There are two versions of this connectivity - with, and without, using the Schema Registry for Avro.

MVP: Just connect to a Kafka topic; no Avro. 🔗

Get the broker endpoint and API key 🔗

First off, you need to get two things:

The address of your Confluent Cloud broker
An API key pair with authorisation to access the topic that you want to read/write

I’m going to use the Confluent CLI to do this, but you can also use the web interface if you’d prefer (head to the Cluster Overview page).

Get a list of your Kafka clusters on Confluent Cloud:

$ confluent kafka cluster list
  Current |     ID     |   Name    |   Type    | Cloud |  Region   | Availability […]
----------+------------+-----------+-----------+-------+-----------+--------------[…]
  *       | lkc-qnygo6 | cluster00 | STANDARD  | aws   | us-west-2 | single-zone  […]
          | lkc-v2p3j0 | dev       | DEDICATED | aws   | us-west-2 | single-zone  […]

Then describe the cluster on which your topic is, to get the Endpoint:

$ confluent kafka cluster describe lkc-qnygo6
+----------------------+---------------------------------------------------------+
| Current              | true                                                    |
| ID                   | lkc-qnygo6                                              |
| Name                 | cluster00                                               |
[…]
| Endpoint             | SASL_SSL://pkc-rgm37.us-west-2.aws.confluent.cloud:9092 |

Now we’ll create an API key for accessing this broker.

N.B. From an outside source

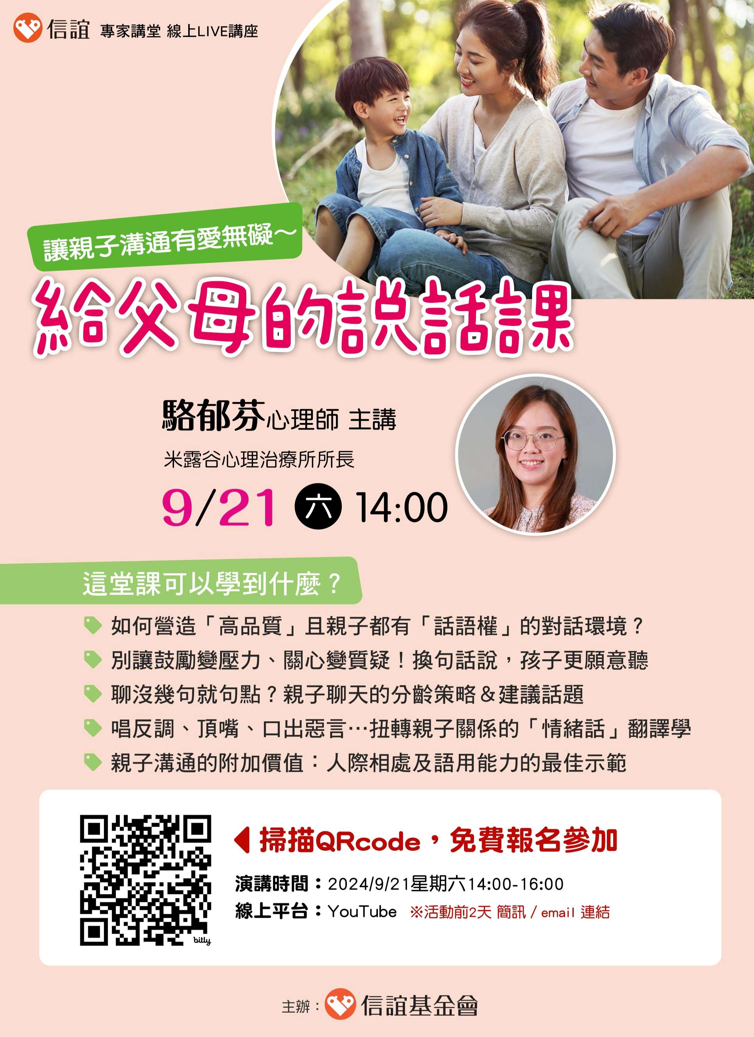 信誼基金會於9 / 21(六)舉辦【駱郁芬心理師主講/溝通有愛無礙~ 給父母的說話課】親職線上講座,免費報名參加。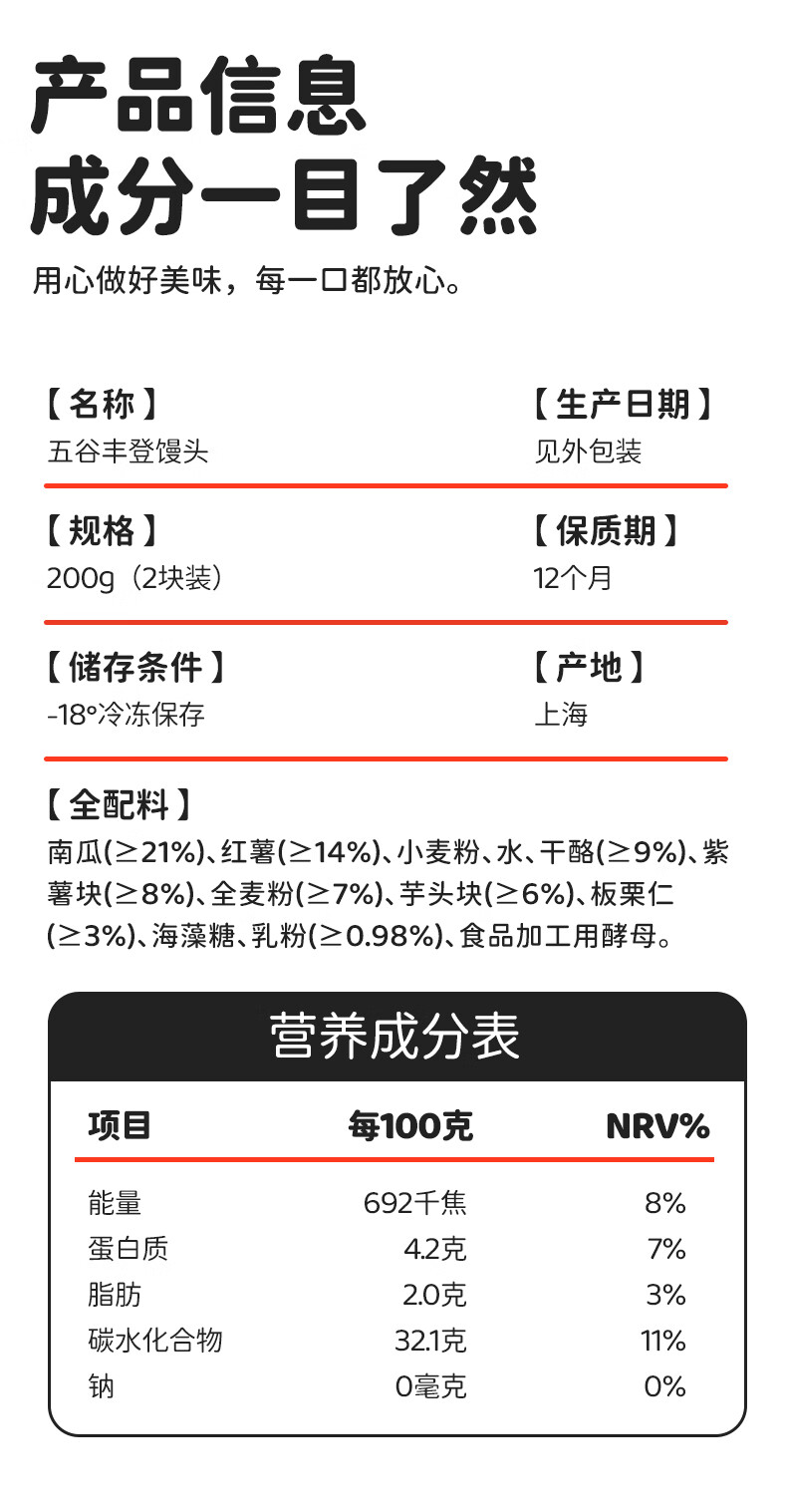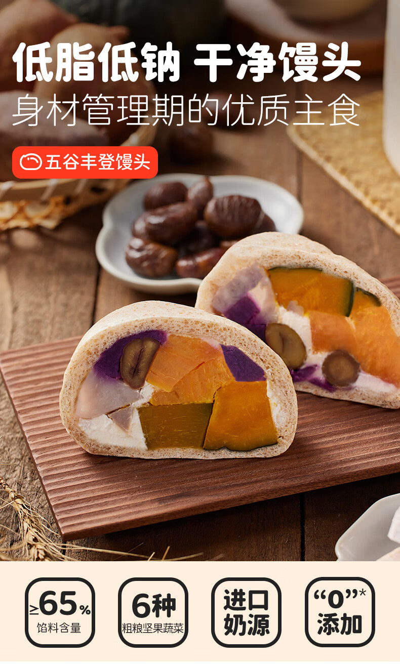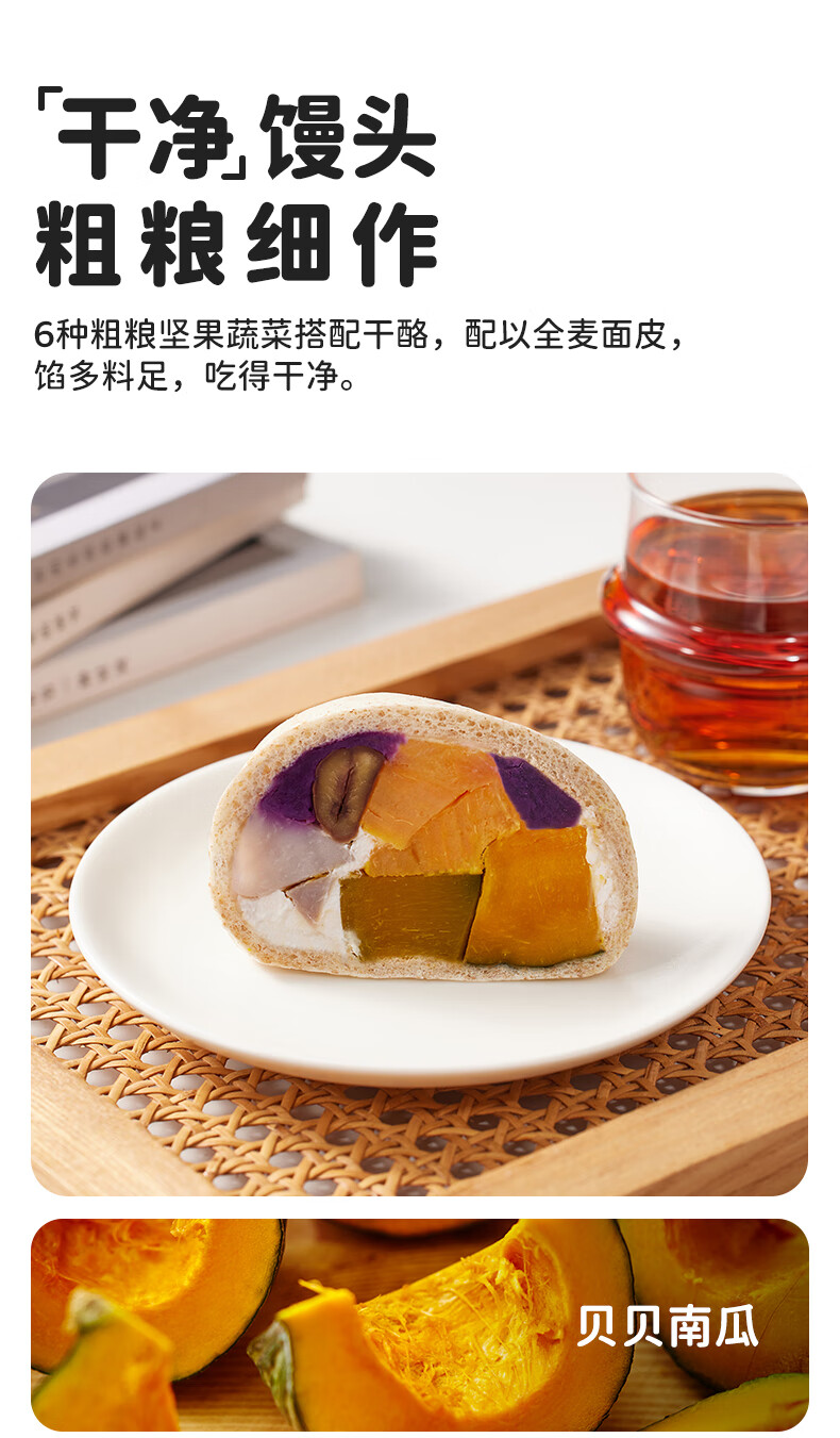 蒸笼头五谷丰登馒头200g*2袋共4块 儿童半成品营养早餐 速食粗粮馒头

Specify the ID of the cluster (e.g. lkc-qnygo6) as the resource to which the API key is to have access. If you have one already then you can skip this step.

$ confluent api-key create --resource lkc-qnygo6  --description "Flink SQL (Kafka)"
It may take a couple of minutes for the API key to be ready.
Save the API key and secret. The secret is not retrievable later.
+------------+------------------------------------------------------------------+
| API Key    | KAFKA_CLUSTER_API_KEY                                            |
| API Secret | KAFKA_CLUSTER_API_SECRET                                         |
+------------+------------------------------------------------------------------+

In this blog post I’m obviuosly not going to show my real API key details :)

Wherever you see KAFKA_CLUSTER_API_KEY (and the same for secrets, and Schema Registry) you can literally replace it with the actual value.

So in this line:

'properties.sasl.jaas.config' = 'org.apache.flink.kafka.shaded.org.apache.kafka.common.security.plain.PlainLoginModule required username="KAFKA_CLUSTER_API_KEY"

If your API key value is bmV2ZXJnb25uYWdpdmV5b3V1cA==, you’d put it in like this:

'properties.sasl.jaas.config' = 'org.apache.flink.kafka.shaded.org.apache.kafka.common.security.plain.PlainLoginModule required username="bmV2ZXJnb25uYWdpdmV5b3V1cA=="

Create the Flink table 🔗

If you’re writing to a topic that doesn’t exist yet you’ll need to create it first:

$ confluent kafka topic create test_table --cluster lkc-qnygo6
Created topic "test_table".

Then you can define a table over the topic:

CREATE TABLE test_table (
    id INT,
    col1 STRING)
WITH (
    'topic' = 'test_table',
    'connector' = 'kafka',
    'scan.bounded.mode' = 'unbounded',
    'scan.startup.mode' = 'earliest-offset',
    'properties.bootstrap.servers' = 'pkc-rgm37.us-west-2.aws.confluent.cloud:9092', (1)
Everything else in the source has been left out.